*** Opening Data excerpts ***
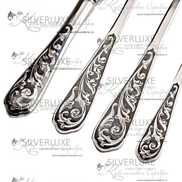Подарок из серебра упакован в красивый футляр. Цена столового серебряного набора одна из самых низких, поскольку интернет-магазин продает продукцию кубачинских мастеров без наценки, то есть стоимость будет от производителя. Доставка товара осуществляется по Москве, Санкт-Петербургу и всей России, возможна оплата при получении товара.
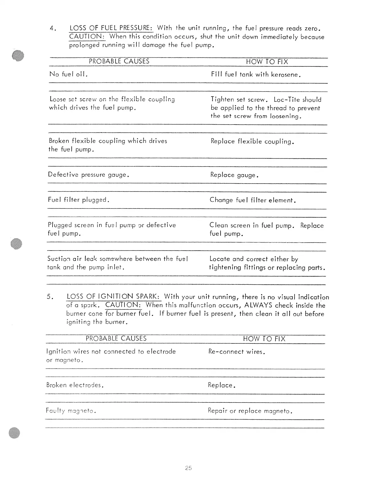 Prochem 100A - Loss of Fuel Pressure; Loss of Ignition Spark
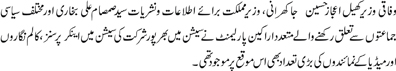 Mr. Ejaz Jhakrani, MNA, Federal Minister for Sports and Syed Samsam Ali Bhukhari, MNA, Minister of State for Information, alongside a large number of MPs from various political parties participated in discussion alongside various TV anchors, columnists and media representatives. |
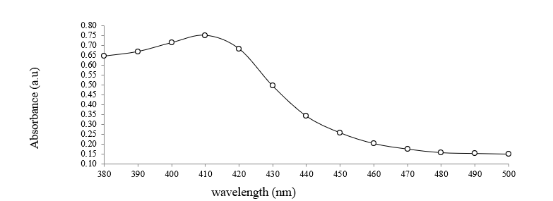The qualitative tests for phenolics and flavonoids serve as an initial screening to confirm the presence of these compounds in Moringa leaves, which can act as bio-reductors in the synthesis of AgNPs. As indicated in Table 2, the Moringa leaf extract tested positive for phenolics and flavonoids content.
*** Closing Data excerpts ***
*** Opening Data excerpts ***
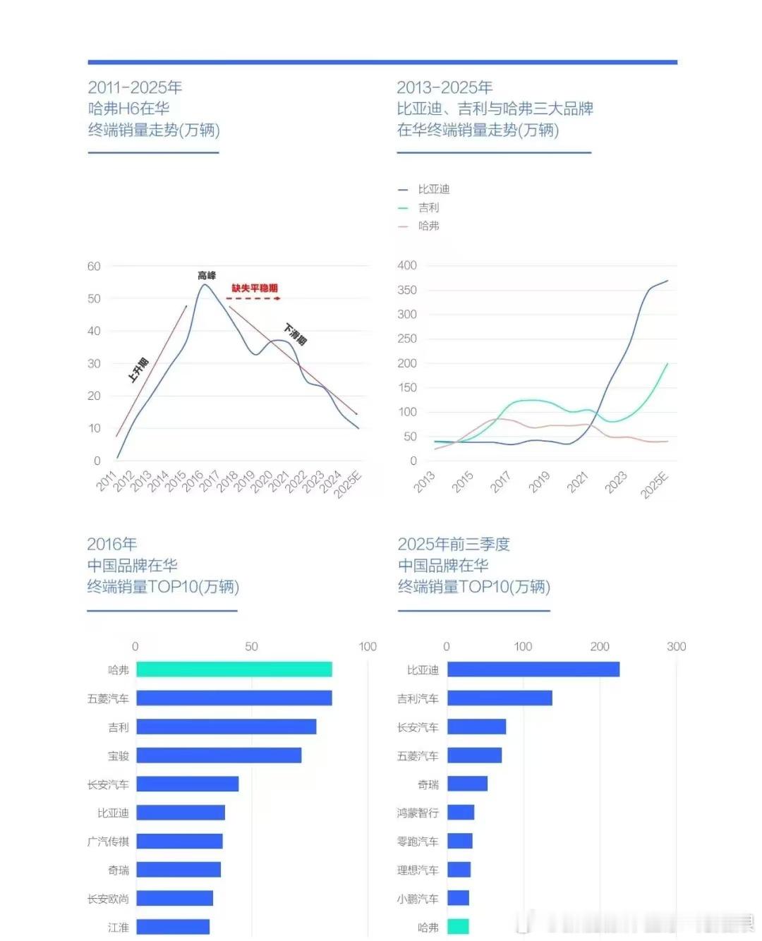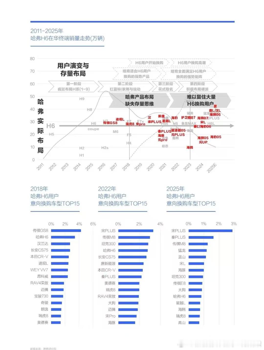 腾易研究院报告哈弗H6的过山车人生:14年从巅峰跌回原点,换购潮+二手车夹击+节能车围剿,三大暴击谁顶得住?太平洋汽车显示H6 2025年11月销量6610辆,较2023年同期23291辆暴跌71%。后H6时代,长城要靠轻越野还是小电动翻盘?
*** Closing Data excerpts ***
_Task goal_
Would you set down only the lines above from the line with "Подарок из серебра" to the line with "The qualitative tests", both included, exactly as they stand and without the pictures?

_Answer section_
Подарок из серебра упакован в красивый футляр. Цена столового серебряного набора одна из самых низких, поскольку интернет-магазин продает продукцию кубачинских мастеров без наценки, то есть стоимость будет от производителя. Доставка товара осуществляется по Москве, Санкт-Петербургу и всей России, возможна оплата при получении товара.
 Prochem 100A - Loss of Fuel Pressure; Loss of Ignition Spark
 Mr. Ejaz Jhakrani, MNA, Federal Minister for Sports and Syed Samsam Ali Bhukhari, MNA, Minister of State for Information, alongside a large number of MPs from various political parties participated in discussion alongside various TV anchors, columnists and media representatives. |
The qualitative tests for phenolics and flavonoids serve as an initial screening to confirm the presence of these compounds in Moringa leaves, which can act as bio-reductors in the synthesis of AgNPs. As indicated in Table 2, the Moringa leaf extract tested positive for phenolics and flavonoids content.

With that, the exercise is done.